Software design in scientific computing

Author: Adrian Jackson
Posted: 10 May 2016 | 00:07

Useful software design

Prompted by a recent discussion of a blog post discussing applying commercial development techniques to academic software development, I've been trying to formalise the software design process I'd recommend to academic software developers.

Just the term, software design, puts a lot of people off. It sounds like a long, elaborate process, full of requirements capture and storyboards, but it really doesn't have to be. I think anyone who is writing programs will be doing some form of software design, even if that design is just following the process they've always used, but are just not formalising it. However, formalising your software design could bring important benefits.

Design process

For me minimal software design should involve writing a very short document that contains the following:

  1. What is the purpose of the program?
  2. What data will it consume and produce?
  3. How can you validate correctness?
  4. Who do you expect the users to be?
  5. What parts of the program could you imagine replacing in the future (ie for performance or functionality reasons, for instance moving from 2D to 3D simulations, using a different solver, etc...)?
  6. Are you going to use existing code or libraries to implement all or part of the program (what are your dependencies)?

It could just be a sentence for each of the above, especially if you are writing a very small program, but you could also expand on these and write a page or two, with some pictures to help out if needed.

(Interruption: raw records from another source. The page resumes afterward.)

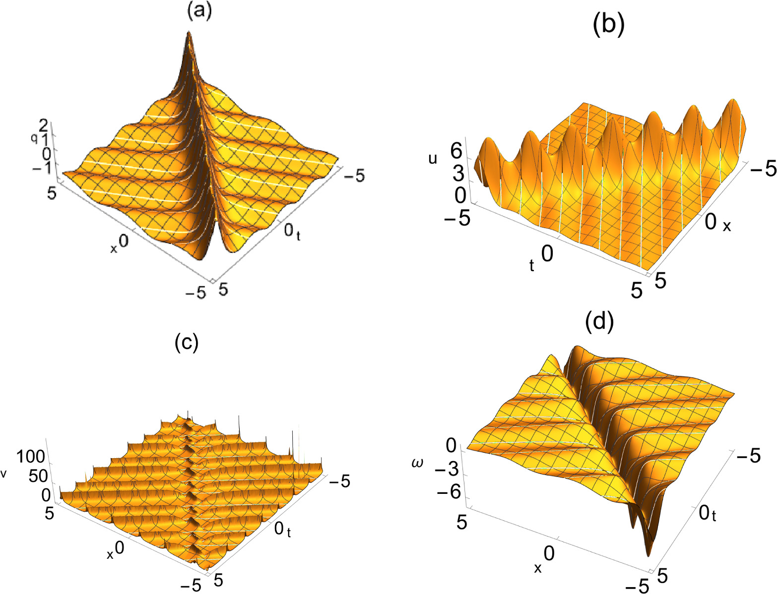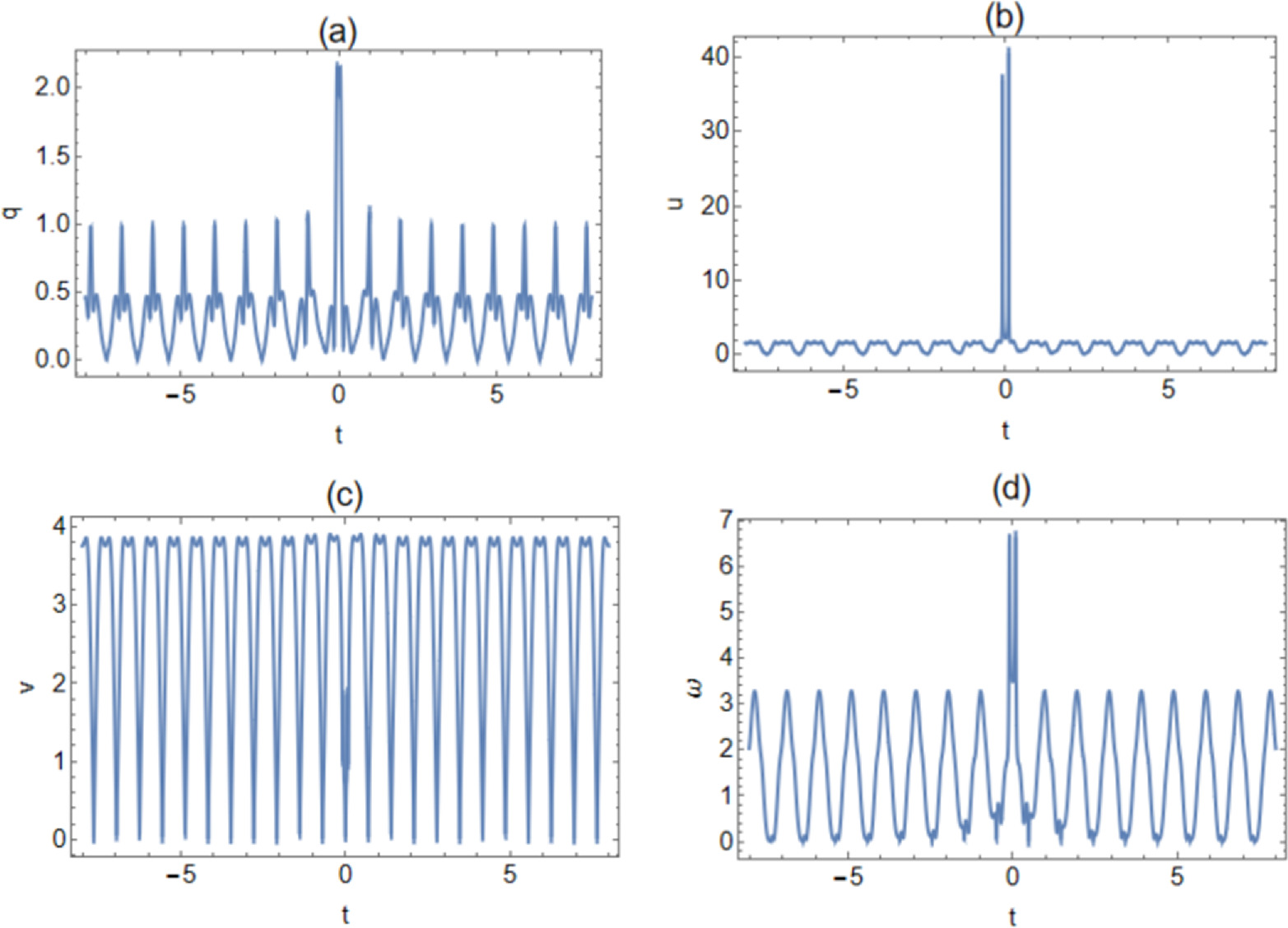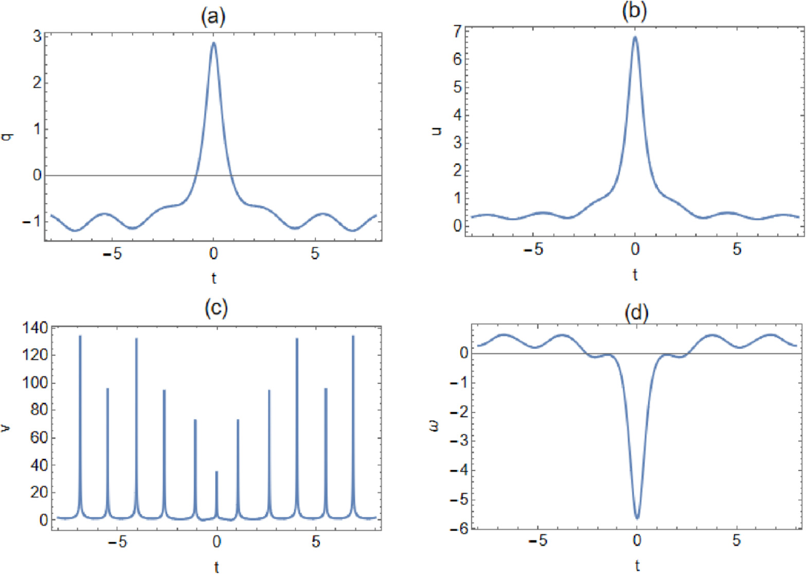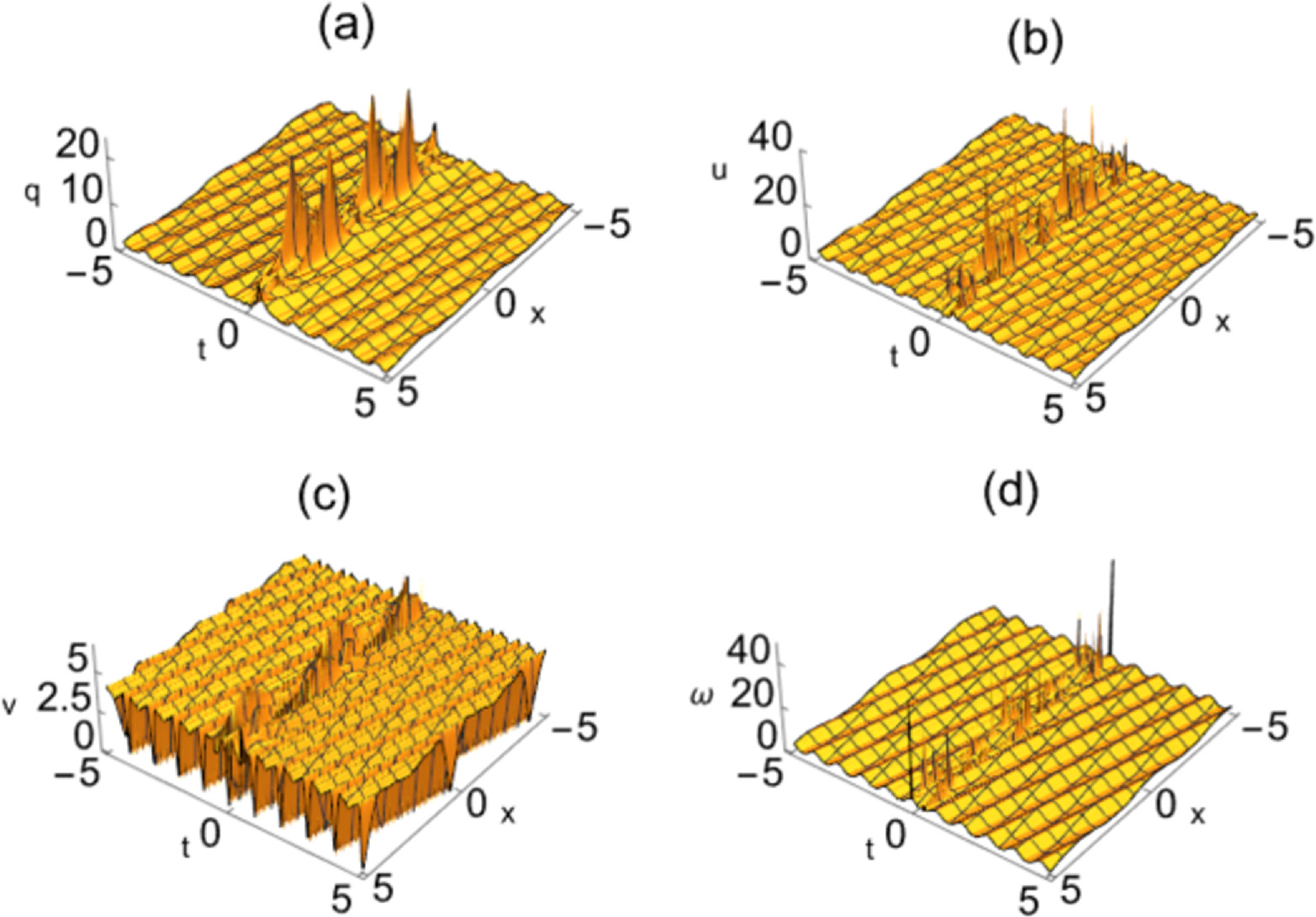 From figures 1 and 3, we can see that the rogue waves on the dn-periodic background of the reduced Maxwell–Bloch system are mainly linear rogue waves. Figures 1 and 3 illustrate the rogue dn-periodic waves with k = 0.5 and k = 0.65, respectively. From figures 2 and 4, it can be seen that, except for when the amplitude of the rogue periodic wave when v, ω = 0.5 and v, ω = 0.65 reaches the minimum value at the origin, the amplitude of the other rogue periodic waves reaches the maximum value at the origin. It can be obtained from two-dimensional figures 2 and 4, with the increase of the elliptic modulus k, the amplitude of the periodic background wave of the v is greatly reduced from 134.1 to 65.4, but the amplitude of the periodic background wave of q, u and ω increases. where the amplitude of the periodic background wave of q increases from − 0.69 to − 0.57, u increases from 0.48 to 0.5 and ω increases from 0.64 to 0.67. Therefore, the amplitude of the periodic background wave of the other potentials increases with the increase of k, except that v decreases greatly with the increase of k. That is to say, the periodic background wave amplitudes of the four potentials are regular. Moreover, from figures 2 and 4, we can see that the amplitudes of the rogue periodic waves of the four potentials are different.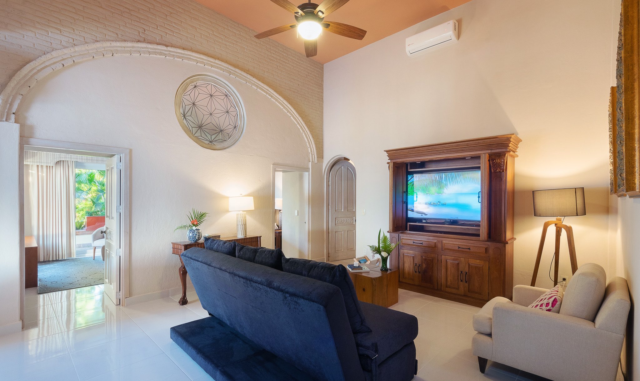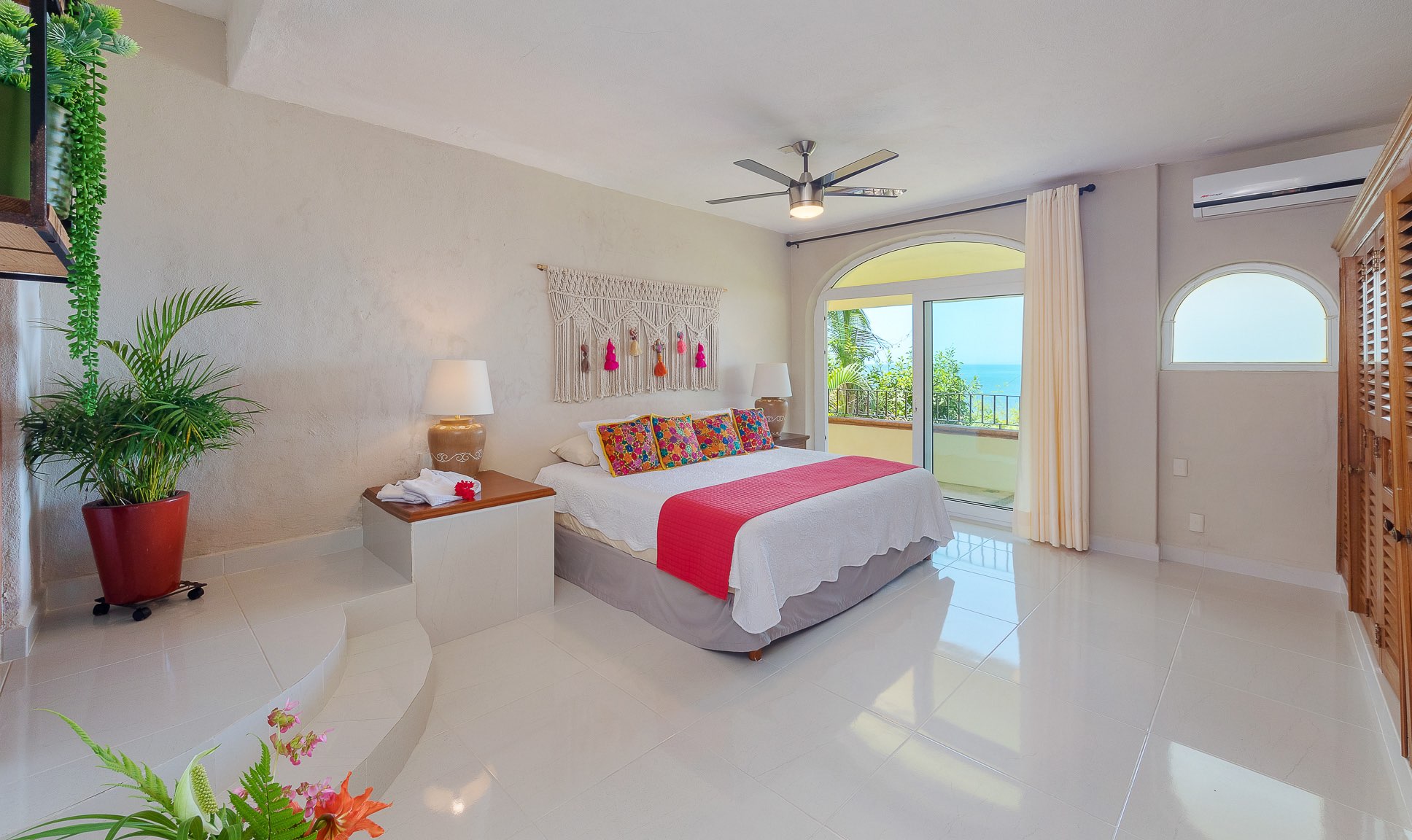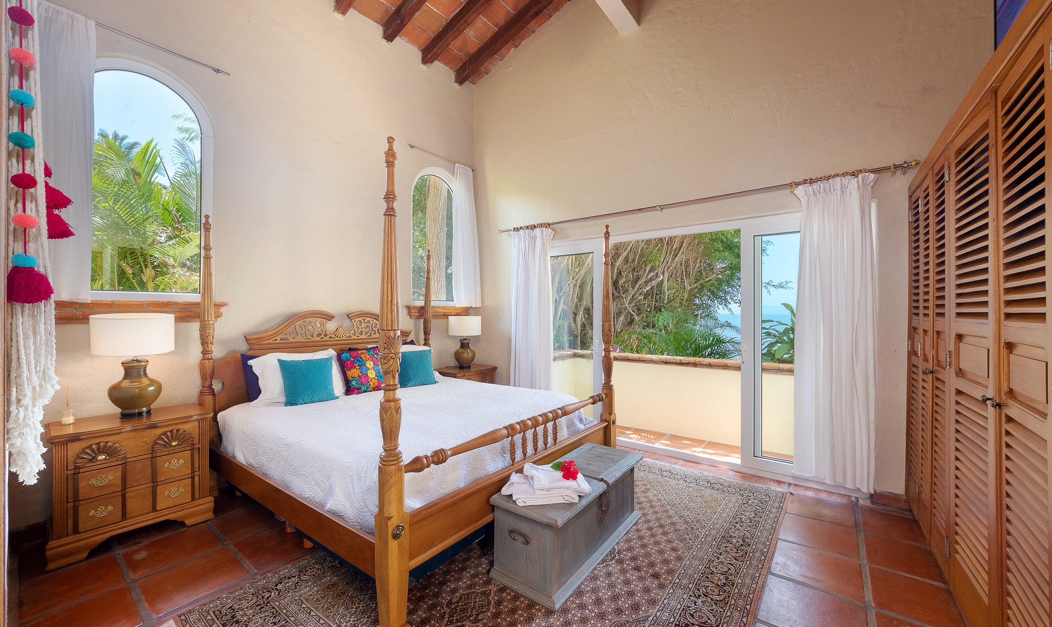 With ten thoughtfully distributed suites, Casa Peregrina accommodates up to 20 guests in comfort and privacy. Each bedroom has its own personality and setting within the estate. On the upper level, Marco’s Master features a king-size bed, ocean view, private terrace, sitting area, TV, and ensuite bathroom, while the Yellow Master offers a king-size bed, ocean view, and ensuite bath. The Canopy Room includes a king-size canopy bed with partial ocean view and ensuite, and the Cupula Room provides two double beds, a peek-a-boo view, TV, and ensuite bathroom.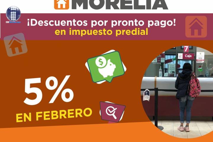 Por ello, la Tesorería Municipal de Morelia continua otorgando descuentos en el pronto pago del Impuesto Predial durante Febrero del 2021 se cuenta con el 5 por ciento de descuento finalizando el próximo 28 del presente mes.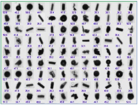 在查看粒子影像圖時,很明顯該樣本由不止一種粒子形狀組成。 “粒徑”數據可能會誤導操作者認為粒子都是相同類型的,而實際上它們不是。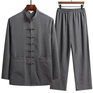 Home Chinese Traditional Clothing Set Man Fall Linen Buckle Kung Fu Shirt Oriental Retro Top Pants Tai Chi Breathable Uniforms Hanfu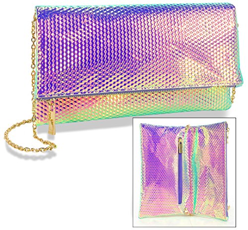 Product Description Gorgeous patent clutch includes dual compartments. The front flap opens with a zippered top opening. The second compartment is under the fold over flap and includes a zippered opening. There are hidden magnets to secure the fold over flap. It can be worn as a shoulder bag with its detachable chain shoulder strap (22.5in drop length) 0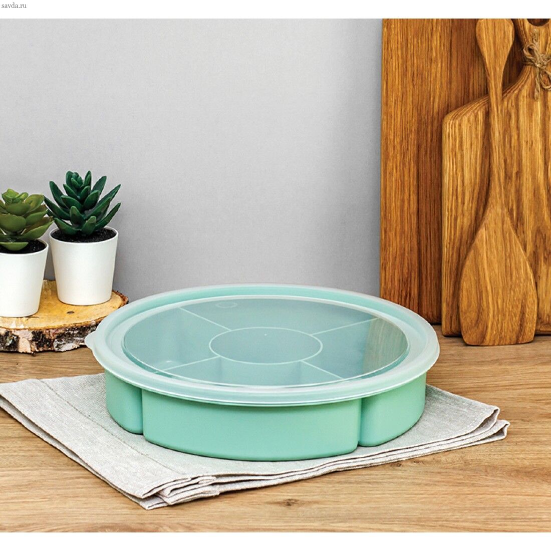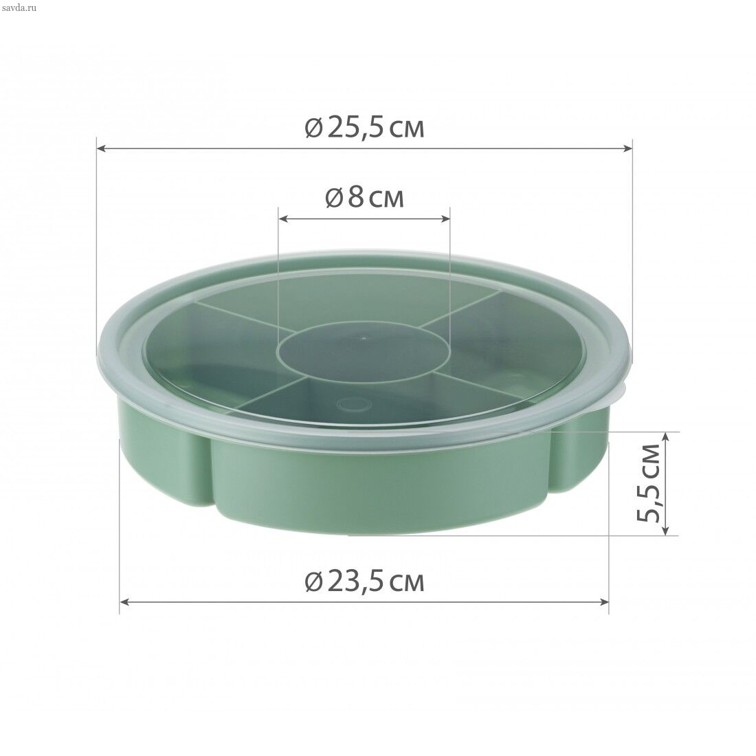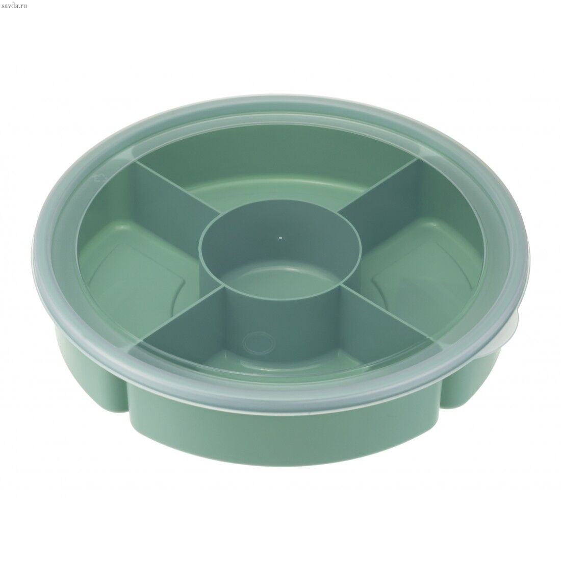 Менажница имеет крышку, которая надёжно сохранит содержимое ячеек в закрытом положении.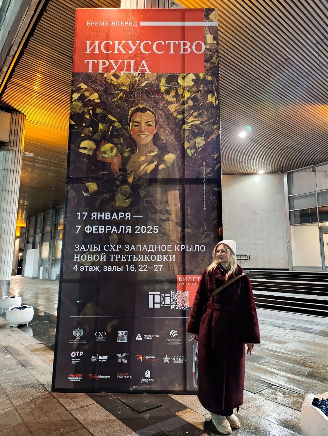 В самом начале 2025 года работа художницы «Башкирская красавица» стала афишей выставки «Искусство Труда» в Новой Третьяковской галерее.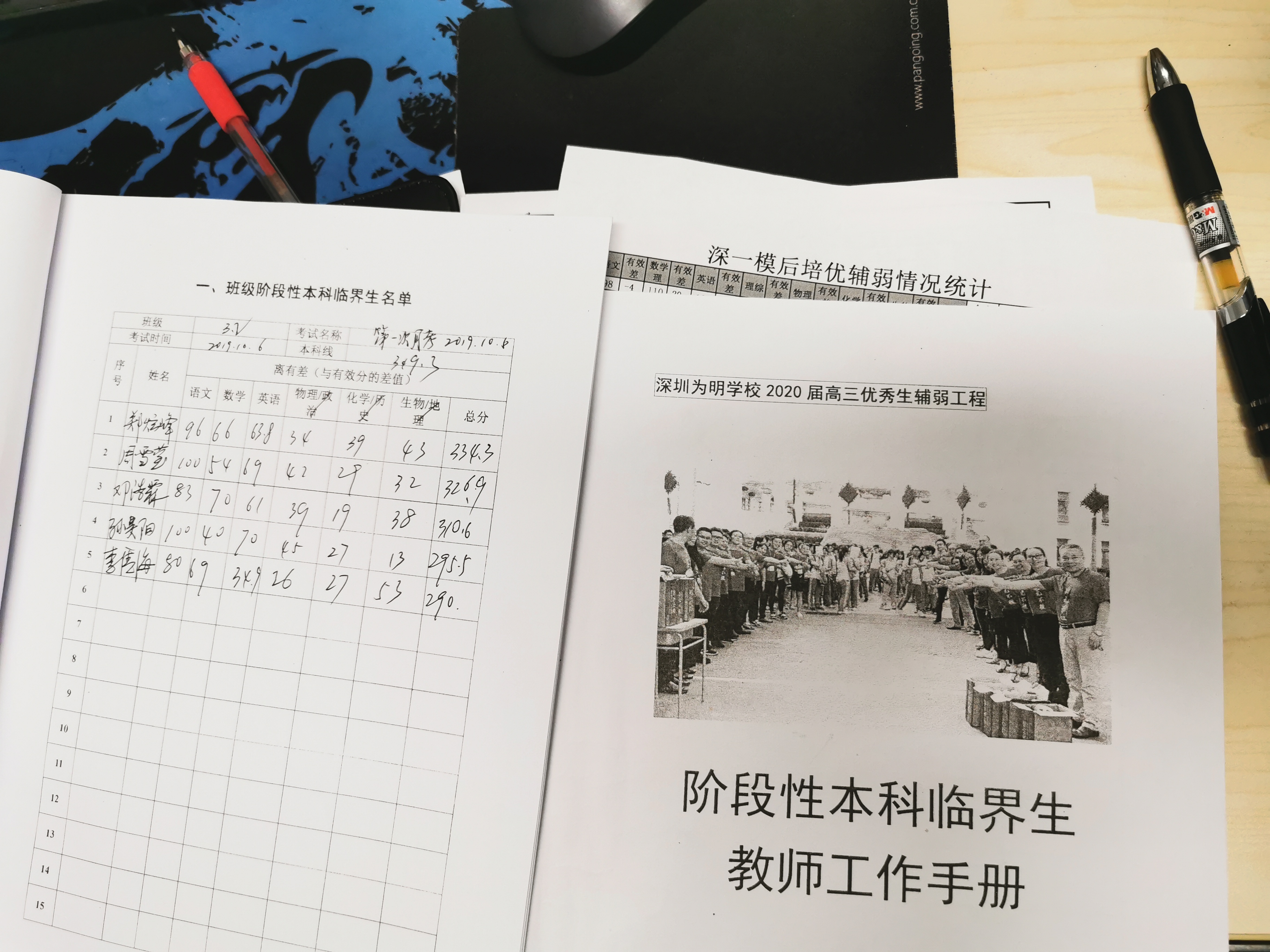 每位导师还都会有多本笔记,像“阶段性本科临界生教师工作手册”,会详细记录学生每次考试的成绩和针对每一个学生的考试简要分析。导师之间也会经常就各自学生的情况进行沟通交流,并针对各科情况进行探讨并制定详细的解决之道。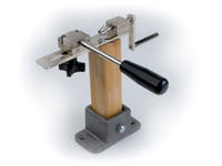 Professional tool for making various length loops for plain wire strings as well as bass strings. Includes a base for permanent workbench or wall installation. Can also be mounted on a board which can then be clamped to your workbench.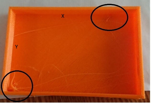 Дефекты на коробке и филамент вышел (Затягивал ключом). Размеры по Х (не соответствуют -0,3мм). Фото

As with any tool to improve software development, the key to using something like this is tailoring; using the parts that are useful, adding to it as required, and ignoring the bits that don't apply. The purpose of the questions above are simply to encourage thought before coding starts, hopefully prompting sensible decisions on how the program is written based on the answers. They can also be used to evaluate the program later on, in code reviews or when releases happen; you'll have a document to reference that outlines key information about the program.

Benefits

One of the key design areas for software, which often is not properly considered and can have a big impact on applications later in the development process, is the changeability of a program. If there are areas in the program that it is likely you will want to change in the future, for performance or functionality reasons, then if you can cleanly encapsulate them in the program it will enable easy changes in the future (thinking data layout or solvers).

Likewise, understanding the likely user base, and I/O, of the program will let you take sensible decisions on how to structure your program and the level of testing needed (will you need GUIs, do you need multiple data formats for input and output, are you going to need documentation and error checking of inputs, etc...).

Finally, understanding and documenting your validation cases/information (how you can confirm correctness once you have a working program) will help anyone else developing the program in the future; and thinking about what parts of the program can be implemented using code you've developed before, or that's already available, will give you chance to have a look around for code you can re-use, potentially saving time in your development.

Design patterns

Really there's also a seventh question along the lines of "What design pattern will this program follow?". But I've not included it as I know this would be a software engineering step too far for a lot of developers. I instinctively don't like design patterns as it always feels like trying to shoehorn a program into a specific model rather than allowing programming freedom. However, in reality we all follow design patterns, even if it's just the same pattern you always use (functional decomposition, for example). 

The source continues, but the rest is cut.